Task inputs ::
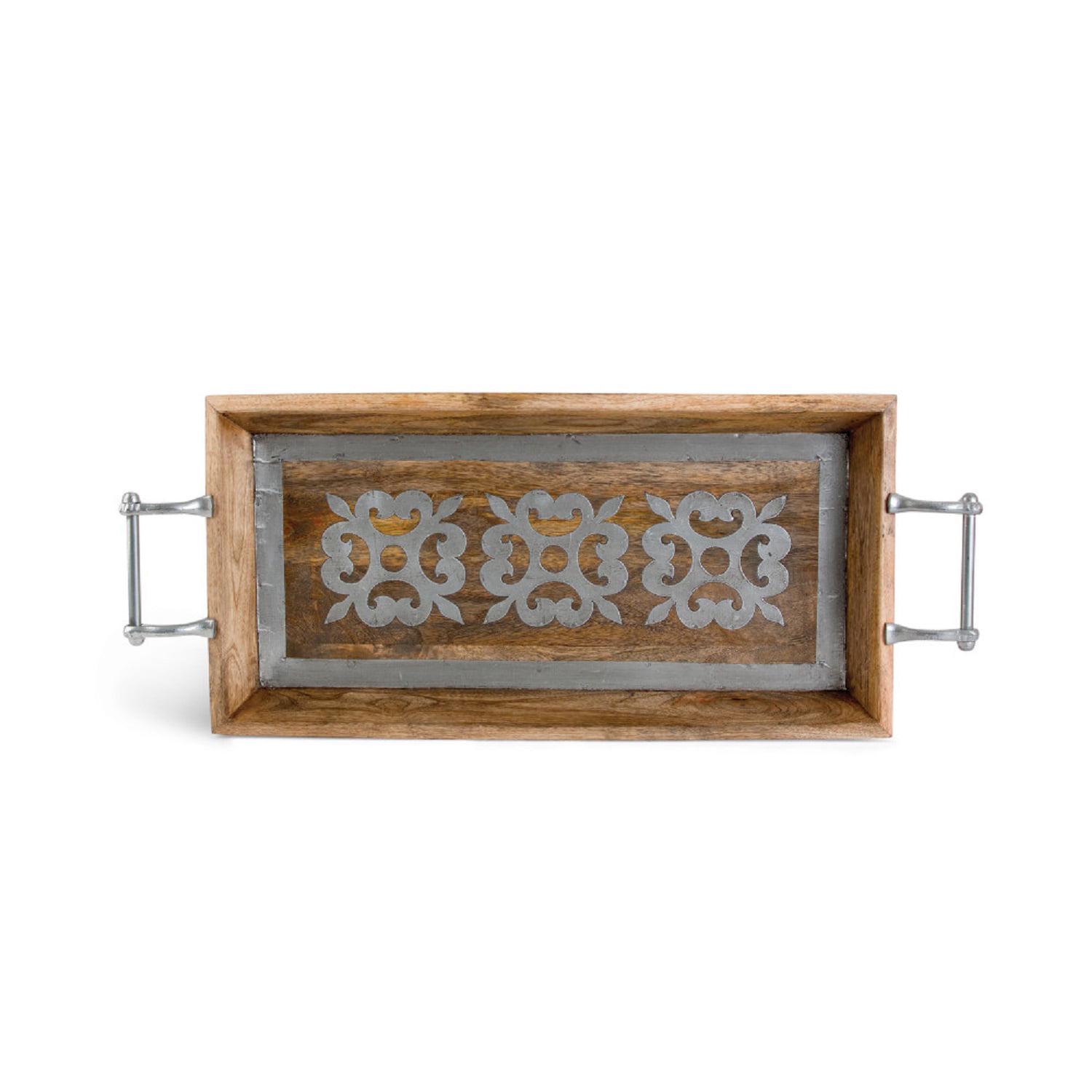 This rectangular wood serving tray is hand-carved and constructed with precision and style. Versatile size and easy grip metal handles allows you to move this tray from room to room carrying coffee to guests or to sit holding hand towels in a guest room. This tray is made from high quality mango wood for durability and long use life, and inlaid with custom aluminum metal. Country cottage or formal, this delightful everyday necessity will be an artful addition to your home.
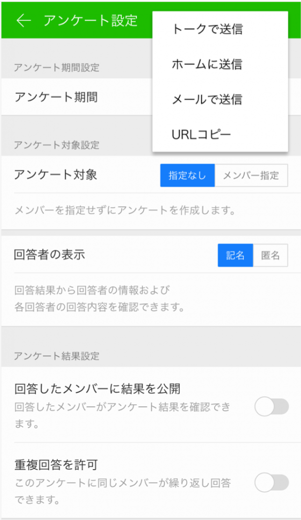 作成したアンケートは、トークやメールで送信したりホームに投稿することでメンバーに共有できます。
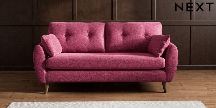 7.2.10 Wilson Buttoned Back 3 Seater Small Sofa Cotswold Chenille Dark Raspberry Pink Retro Tapered - Mid | Made Click here to use our website with more accessibility support, for example screen readers
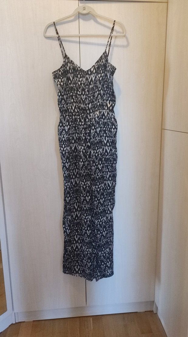 Gri bohem tarzda, V yakalı, askılı ve bol kesim uzun tulum. Yumuşak sentetik kumaştan, dış mekan kullanımı için uygun.
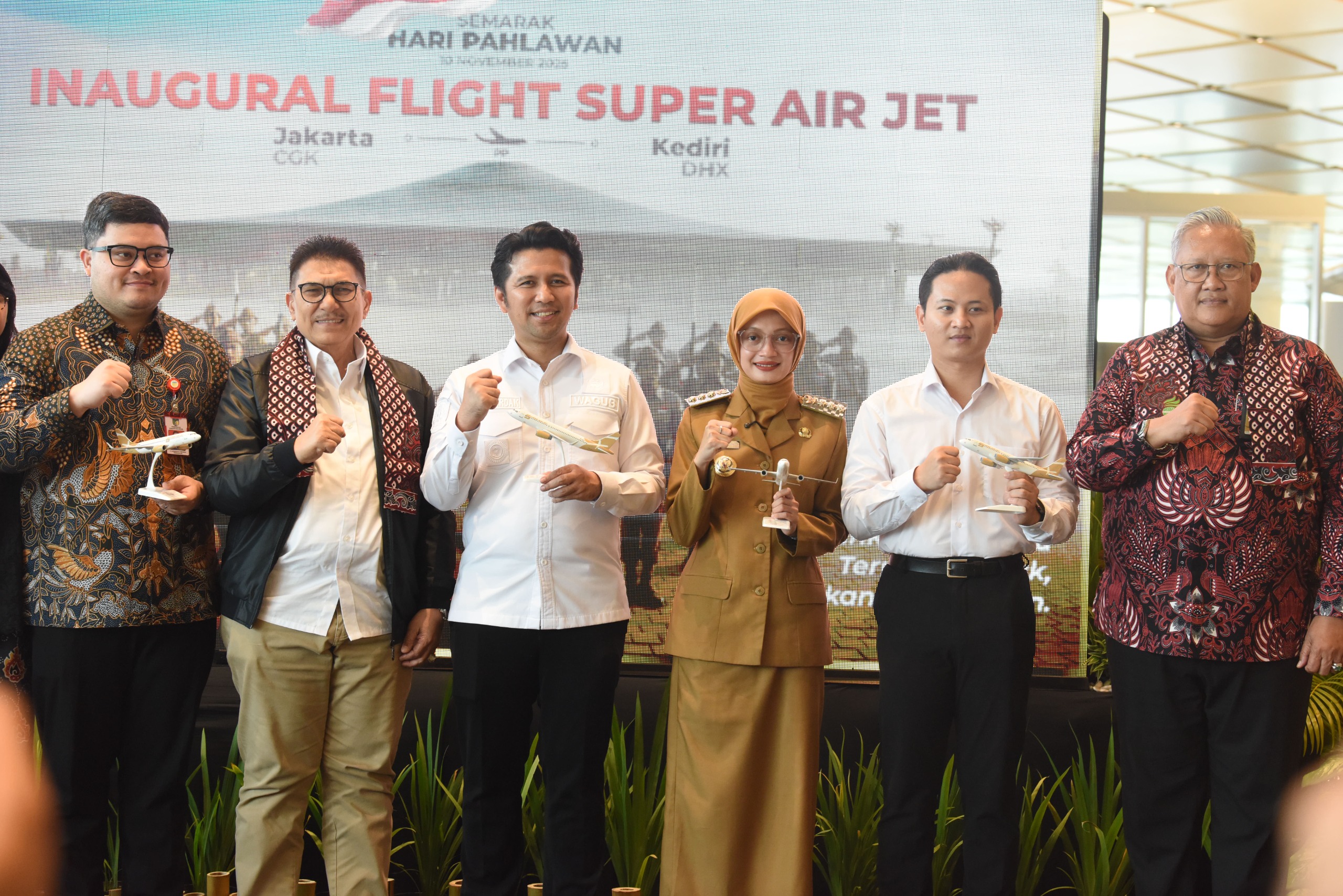Dalam kesempatan itu, Wakil Gubernur Jawa Timur Emil Elestianto Dardak juga menyampaikan rasa syukur atas kembali beroperasinya Bandara Dhoho Kediri. “Hari ini, bertepatan dengan Hari Pahlawan, kami akan menggunakan penerbangan ini ke Jakarta, jadi tukeran sama Mas Bupati Trenggalek, yang baru saja mengikuti penerbangan rute Jakarta-Kediri. Hari ini salah satu bandara utama di Jawa Timur juga resmi dilayani oleh Super Air Jet. Kami sangat berterima kasih,” ujarnya.

Exercise ::
Your job is to reproduce the material exactly. Keep pictures out of it.

Output ::
 This rectangular wood serving tray is hand-carved and constructed with precision and style. Versatile size and easy grip metal handles allows you to move this tray from room to room carrying coffee to guests or to sit holding hand towels in a guest room. This tray is made from high quality mango wood for durability and long use life, and inlaid with custom aluminum metal. Country cottage or formal, this delightful everyday necessity will be an artful addition to your home.
 作成したアンケートは、トークやメールで送信したりホームに投稿することでメンバーに共有できます。
 7.2.10 Wilson Buttoned Back 3 Seater Small Sofa Cotswold Chenille Dark Raspberry Pink Retro Tapered - Mid | Made Click here to use our website with more accessibility support, for example screen readers
 Gri bohem tarzda, V yakalı, askılı ve bol kesim uzun tulum. Yumuşak sentetik kumaştan, dış mekan kullanımı için uygun.
Dalam kesempatan itu, Wakil Gubernur Jawa Timur Emil Elestianto Dardak juga menyampaikan rasa syukur atas kembali beroperasinya Bandara Dhoho Kediri. “Hari ini, bertepatan dengan Hari Pahlawan, kami akan menggunakan penerbangan ini ke Jakarta, jadi tukeran sama Mas Bupati Trenggalek, yang baru saja mengikuti penerbangan rute Jakarta-Kediri. Hari ini salah satu bandara utama di Jawa Timur juga resmi dilayani oleh Super Air Jet. Kami sangat berterima kasih,” ujarnya.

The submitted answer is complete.